On pourra bien entendu m’objecter que parfois nos publications ne sont pas aussi abouties que ce qu’elles devraient être dans une vision un peu compassée d’un académisme étroit sinon désuet.
Et bien, nous en avons depuis toujours accepté le risque ou plutôt l’opportunité car il se fonde sur ce que nous croyons indispensable à savoir « l’adéquation du travail scientifique et des besoins sociaux[6] ». « À la synthèse intellectuelle majeure, au « chef-d’œuvre » d’un seul homme, symbolisé un temps par le doctorat d’État, s’opposent alors les travaux spécialisés d’équipes de recherche sans cesse destinés à être dépassés – ce qui renvoie notamment à l’antagonisme de « l’homme cultivé » et du « spécialiste[7] », que Weber voyait à l’arrière-plan de tous les débats sur les fondements du système éducatif[8] ».
Le marketing dans tous ses états qui constitue l’unique dossier de sept articles de ce numéro, obéit à cette logique des diversités régionales, des différentes approches conceptuelles autour de la règle des « 4 P » : Politique du Produit, Prix, Placement, Publicité et s’inscrit dans le cadre d’une économie post-covidienne.
1. 18 octobre 2019 – https://theconversation.com/valoriser-la-recherche-francaise-plutot-que-singer-le-modele-americain-125468.
2. http://www.cedimes.com/images/College_doctoral_2023/230414_colloque_Dossier_AAC.pdf.
3. Tissot, Sylvie (2014).
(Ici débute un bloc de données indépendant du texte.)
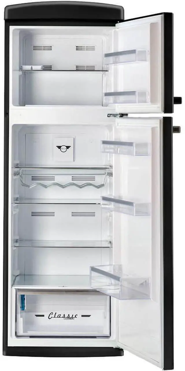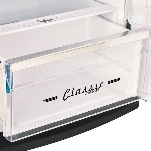 Timeless style meets efficiency in UNIQUE's 11 cu. ft. retro top-mount, Energy Star, frost-free refrigerator. Featuring chrome accents, LED display, adjustable glass shelves, frost-free cooling and Super Freeze Mode, it blends style with performance. Stay organized with a wine rack, ice tray, and humidity control crisper while the digital control panel and door alarm ensure convenience and peace of mind. Retro Styled Top Freezer Refrigerator

Entre soi et les autres. Actes de la recherche en sciences sociales, 204, 4-9. https://doi.org/10.3917/arss.204.0004.
4. Goiseau, Élise, et Yoann Bazin (2022) « La New Brunswick Declaration, ou comment nos collègues étrangers redonnent du sens à l’éthique de la recherche (et pourquoi nous devrions nous y intéresser) ≫, La Revue des Sciences de Gestion, vol. 315-316, no. 3-4, 2022, pp. 13-16.
5. Marguerite Yourcenar, Memoire d’Hadrien, p. 97
6. Laperche, Blandine (2003). « Les critères marchands d’évaluation du travail scientifique dans la nouvelle économie La science comme “force productive” et “outil marketing“ », Innovations, vol. no 17, no. 1, 2003, pp. 105-138.
7. Faure, Sylvia, et Charles Soulié (2006). « La recherche universitaire à l’épreuve de la massification scolaire », Actes de la recherche en sciences sociales, vol. n°164, n°4, 2006, pp. 61-74.
8. Max Weber, Hindouisme et bouddhisme, Paris, Flammarion, 2003, p. 148 (traduction d’Isabelle Kalinowski).